The social tableau of our country’s underdevelopment is painted with an unimaginable landscape of poverty, inequality, and monopoly of political and economic power in the hands of the oligarchic elite. Despite the good news of rising confidence by foreign investors in our local economy, this has not been translated in job creation and reduction in poverty. Local migration of labour from the rural to the urban areas only exacerbates chronic unemployment in the cities while landless farm labourers continue to wallow in extreme poverty and insecurity. Equal economic opportunities remain inaccessible, thus forcing the migration of skilled labour to other more developed countries where chances of a better life are greater.
 
On the other hand, the promise of democracy continues to linger. Our kind of democracy remains a failed one. Political power is dominated by traditional oligarchic families who also control access to business opportunities.
 
This is the raw background from which our national development must be forged, yet our elected representatives and bureaucrats in government keep a blind eye. Power and fame have consumed them.

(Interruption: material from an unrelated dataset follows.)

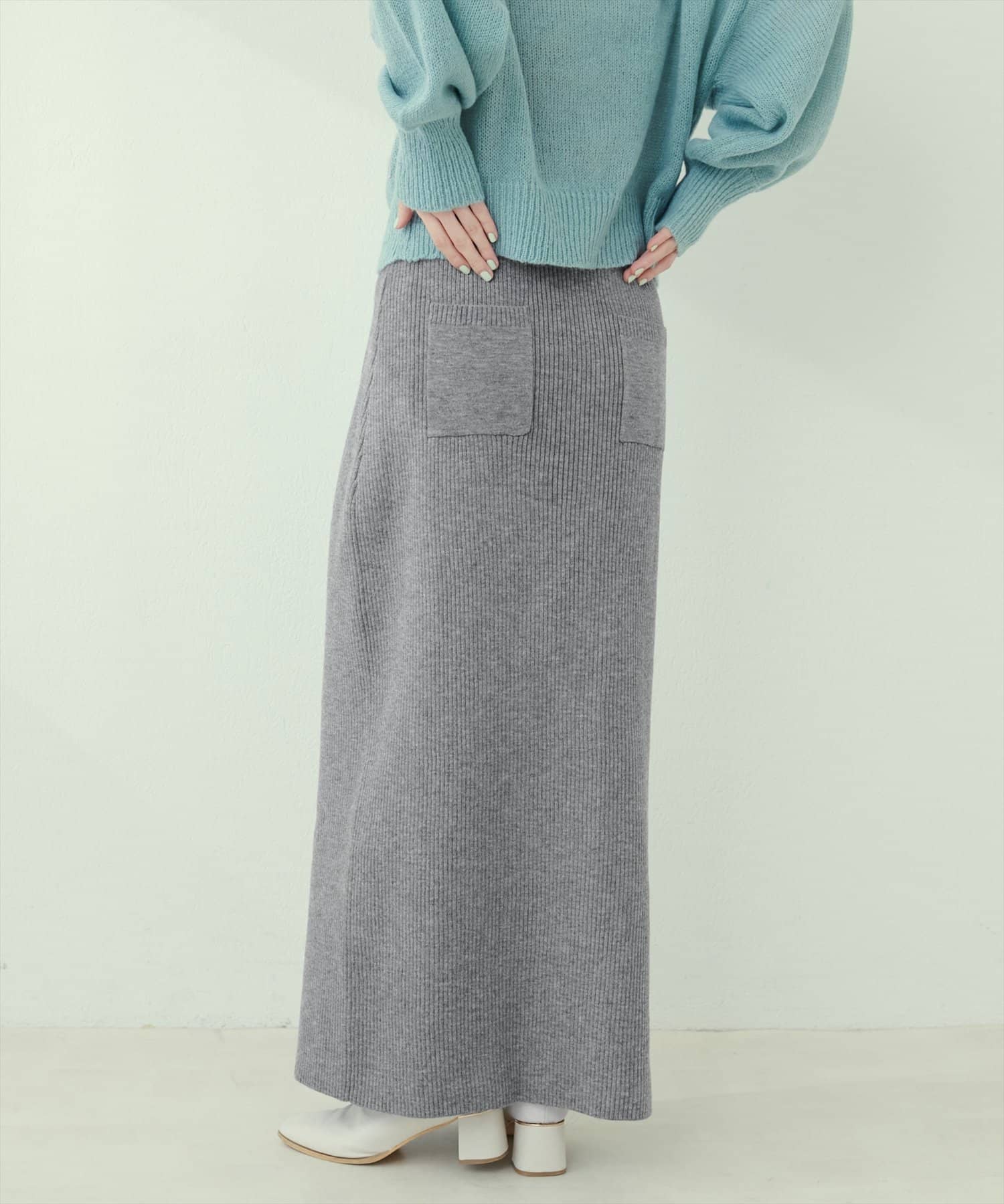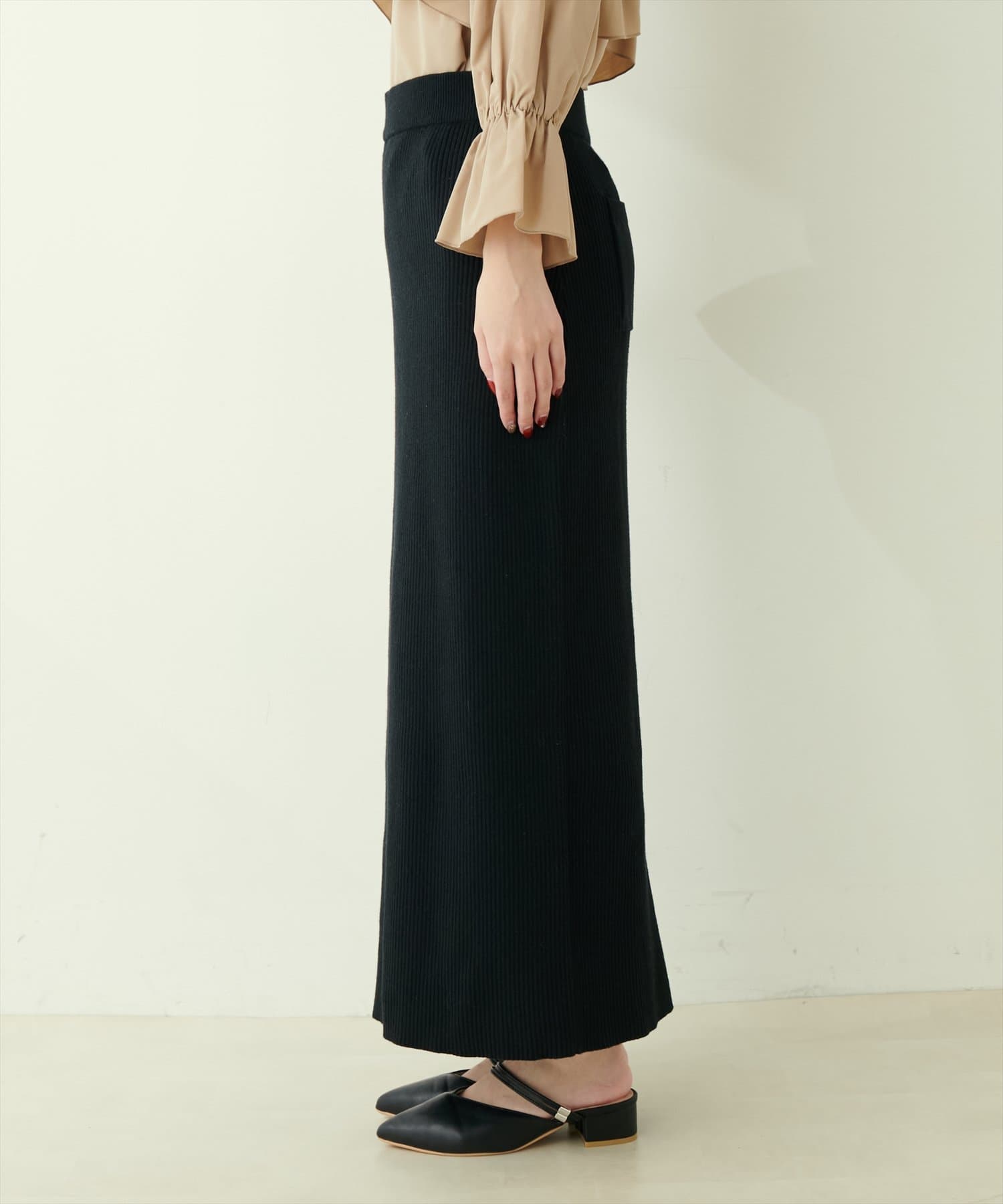すっきりとしたラインでトップスを選ばないリブニットスカート

Even worse, many members of a crucial class of intellectuals and professionals in our country tend to be swayed rather than be critical of government abuse and excess simply because they find the prospect of an alternative leader or system of government more frightening than the status quo.
 
Thus, no matter how vociferously or constructively you criticize the current government for its complicity with corruption, there are those—and they are a legion—who would immediately drown and silence you out. The activists and student radicals of the sixties and seventies have joined the ranks of government apologists while the true and non-partisan social critics remain handcuffed and restricted to the margins of dissent.
 
One may ask with a sinking heart how development can be possible with all this dramatis personae in our society.
 
The pork barrel scam has exposed the rottenness of our entire political system. Our people are deeply disgusted and disenchanted. We are watching corruption in government unfold as our own national morality play where the principal actors— members of Congress, both opposition and those loyal to the President, and the Executive branch battle their wits for days on end. Is the solution to this mess within the reach of these actors? How will this play segue to its dramatic conclusion?
 
If only last Sunday’s final episode of Breaking Bad on TV could be the right formula for an ending to the pork barrel scam, then we could be hoping for almost an uplifting denouement. After all, a relatively happy ending is that crime doesn’t pay, and we hope the characters in our own morality play also lose their ill-gotten wealth and political stature, including their souls.


But this is not going to happen. Who are we kidding? There is no room here for contrition, confession, and conciliation as in Breaking Bad.
 
The pork barrel mess has accumulated so many layers of lies and betrayals that the truth may not be that easy to disentangle. Investigations will bog down the search for a final determination of this scam, with the dreamt trial of the year not commencing before the incumbent President—the one so rabid to catch the corrupt—finishes his term of office. Remember that his predecessor is still languishing in hospital detention for plunder charges not even fully prepared for court trial after more than two years. Judging by the slow wheels of justice in our country, this pork scam may not actually see the end of day.
 
We need a clear ending to this mess created by our elected representatives and by our government. The people therefore must persevere with their public protests, short of running to the hills if nonviolence as a means to a resolution doesn’t work.
 
Briberies, kickbacks and all forms of corruption involving pork barrel funds have been routinely perpetrated in various guises by our elected senators and representatives in Congress and those we entrust the daily running and operation of government. This was long before Janet Napoles surfaced before our eyes. Corruption has become an integral part of our political culture, a way of life not easy to break.